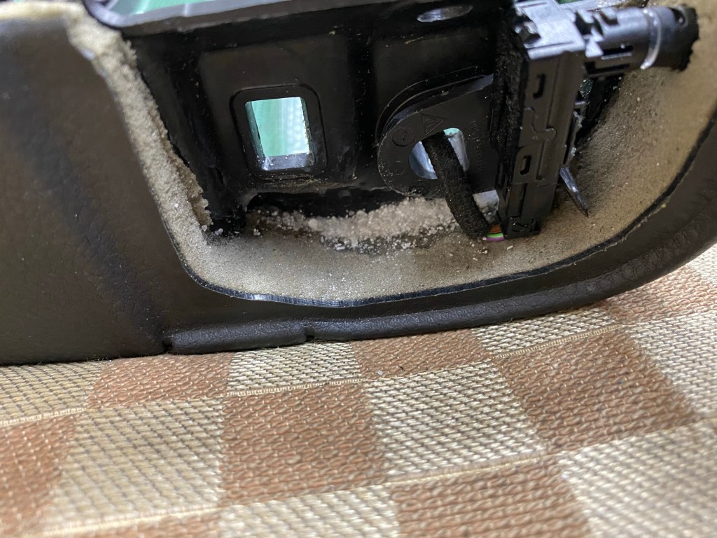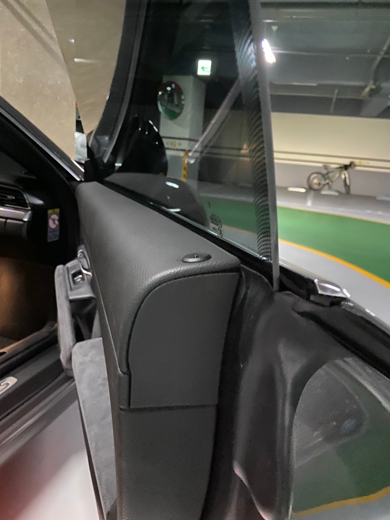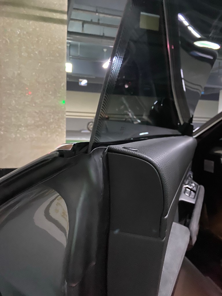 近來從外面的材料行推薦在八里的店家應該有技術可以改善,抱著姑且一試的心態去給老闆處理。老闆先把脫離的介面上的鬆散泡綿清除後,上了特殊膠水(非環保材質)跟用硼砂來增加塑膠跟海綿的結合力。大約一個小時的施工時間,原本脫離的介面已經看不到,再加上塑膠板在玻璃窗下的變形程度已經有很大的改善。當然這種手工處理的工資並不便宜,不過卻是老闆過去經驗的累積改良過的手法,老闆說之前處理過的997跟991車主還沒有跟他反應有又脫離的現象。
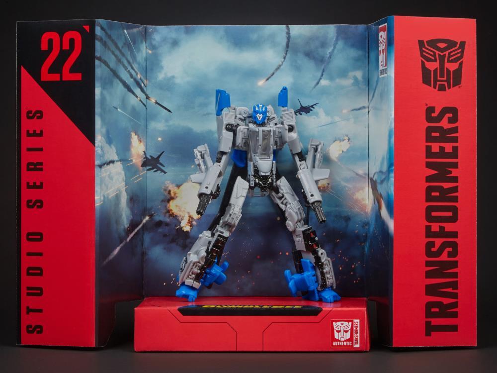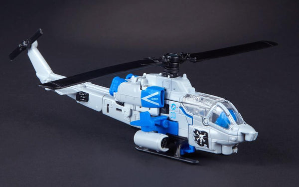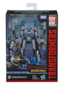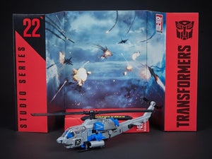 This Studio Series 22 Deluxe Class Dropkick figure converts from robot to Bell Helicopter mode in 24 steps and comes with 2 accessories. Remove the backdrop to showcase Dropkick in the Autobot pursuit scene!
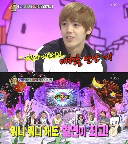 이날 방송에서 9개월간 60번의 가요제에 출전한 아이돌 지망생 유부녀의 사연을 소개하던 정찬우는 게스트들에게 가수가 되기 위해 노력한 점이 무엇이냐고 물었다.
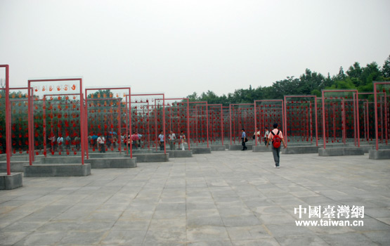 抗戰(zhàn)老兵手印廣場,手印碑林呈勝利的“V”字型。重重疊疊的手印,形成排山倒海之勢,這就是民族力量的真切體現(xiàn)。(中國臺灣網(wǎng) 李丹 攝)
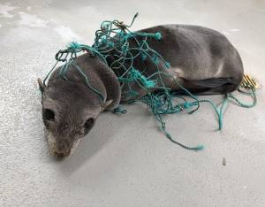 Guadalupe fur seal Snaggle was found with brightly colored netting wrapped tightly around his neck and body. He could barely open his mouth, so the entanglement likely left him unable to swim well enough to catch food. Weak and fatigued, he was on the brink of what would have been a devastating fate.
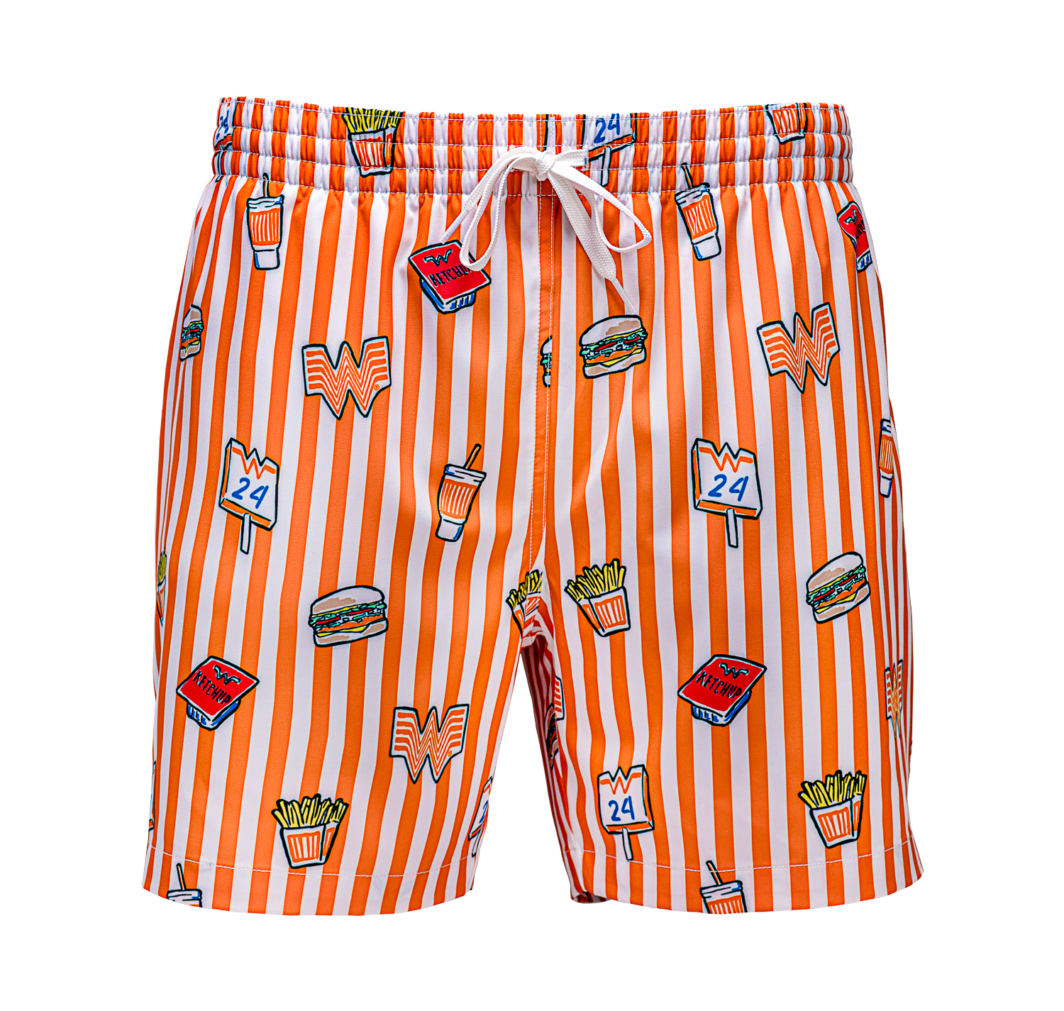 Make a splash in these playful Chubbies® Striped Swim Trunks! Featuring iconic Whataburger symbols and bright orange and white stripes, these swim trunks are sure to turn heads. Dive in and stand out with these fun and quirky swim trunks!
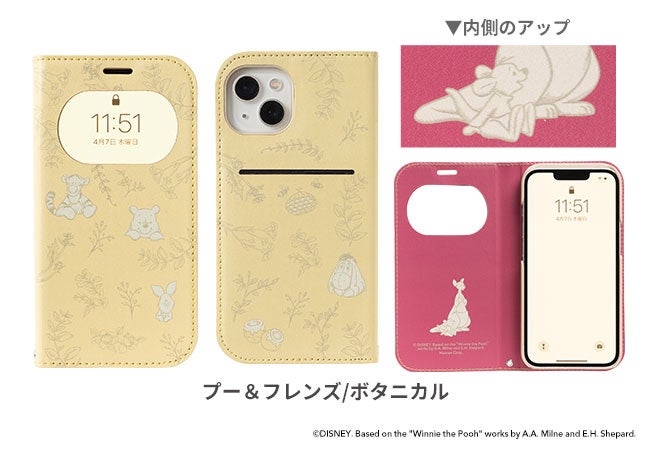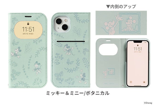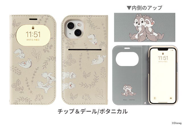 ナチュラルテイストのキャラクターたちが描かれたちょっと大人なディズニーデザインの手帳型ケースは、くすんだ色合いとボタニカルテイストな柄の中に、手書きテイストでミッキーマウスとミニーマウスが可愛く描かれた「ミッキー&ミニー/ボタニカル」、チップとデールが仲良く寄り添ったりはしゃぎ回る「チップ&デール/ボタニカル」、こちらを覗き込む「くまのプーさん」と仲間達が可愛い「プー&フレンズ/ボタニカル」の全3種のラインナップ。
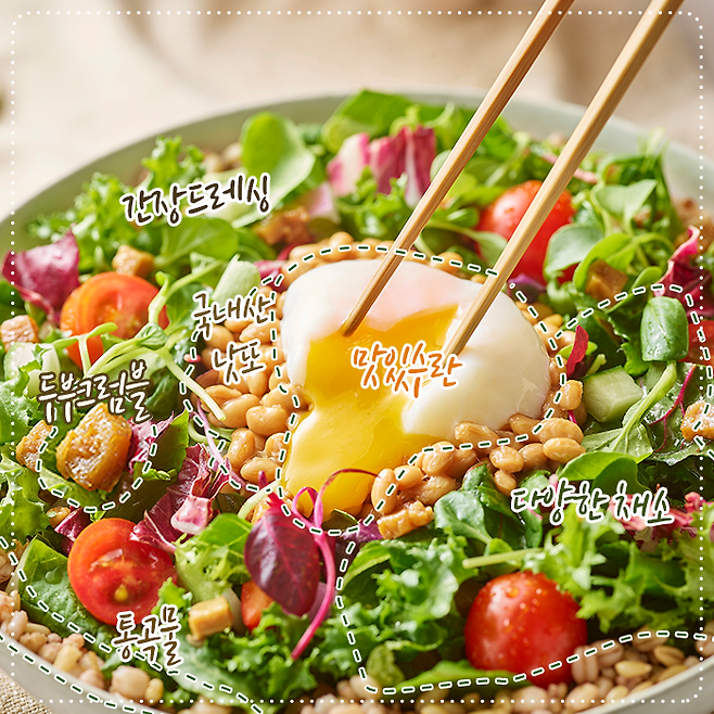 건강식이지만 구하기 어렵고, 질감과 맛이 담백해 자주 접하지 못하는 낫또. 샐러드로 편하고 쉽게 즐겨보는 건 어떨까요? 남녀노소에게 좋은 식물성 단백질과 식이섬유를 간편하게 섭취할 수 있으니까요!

============

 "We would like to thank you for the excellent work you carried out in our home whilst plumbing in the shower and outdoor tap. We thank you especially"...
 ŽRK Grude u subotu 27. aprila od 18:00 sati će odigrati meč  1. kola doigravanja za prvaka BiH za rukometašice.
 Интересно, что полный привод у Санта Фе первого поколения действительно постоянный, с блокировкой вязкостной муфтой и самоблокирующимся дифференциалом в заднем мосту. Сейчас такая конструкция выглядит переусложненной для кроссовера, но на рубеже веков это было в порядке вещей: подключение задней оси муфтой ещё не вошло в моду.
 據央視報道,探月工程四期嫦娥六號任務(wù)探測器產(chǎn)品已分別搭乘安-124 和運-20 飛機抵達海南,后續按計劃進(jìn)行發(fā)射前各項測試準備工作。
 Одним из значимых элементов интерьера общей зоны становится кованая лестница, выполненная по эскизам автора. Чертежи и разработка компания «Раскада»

============

__What this task involves__. Using the data above, set down each line from the line with "近來從外面的材料行推薦在八里" to the line with "Guadalupe fur seal" exactly, both ends included, and leave the pictures behind. Nothing else belongs.

__Output for this task__.
 近來從外面的材料行推薦在八里的店家應該有技術可以改善,抱著姑且一試的心態去給老闆處理。老闆先把脫離的介面上的鬆散泡綿清除後,上了特殊膠水(非環保材質)跟用硼砂來增加塑膠跟海綿的結合力。大約一個小時的施工時間,原本脫離的介面已經看不到,再加上塑膠板在玻璃窗下的變形程度已經有很大的改善。當然這種手工處理的工資並不便宜,不過卻是老闆過去經驗的累積改良過的手法,老闆說之前處理過的997跟991車主還沒有跟他反應有又脫離的現象。
 This Studio Series 22 Deluxe Class Dropkick figure converts from robot to Bell Helicopter mode in 24 steps and comes with 2 accessories. Remove the backdrop to showcase Dropkick in the Autobot pursuit scene!
 이날 방송에서 9개월간 60번의 가요제에 출전한 아이돌 지망생 유부녀의 사연을 소개하던 정찬우는 게스트들에게 가수가 되기 위해 노력한 점이 무엇이냐고 물었다.
 抗戰(zhàn)老兵手印廣場,手印碑林呈勝利的“V”字型。重重疊疊的手印,形成排山倒海之勢,這就是民族力量的真切體現(xiàn)。(中國臺灣網(wǎng) 李丹 攝)
 Guadalupe fur seal Snaggle was found with brightly colored netting wrapped tightly around his neck and body. He could barely open his mouth, so the entanglement likely left him unable to swim well enough to catch food. Weak and fatigued, he was on the brink of what would have been a devastating fate.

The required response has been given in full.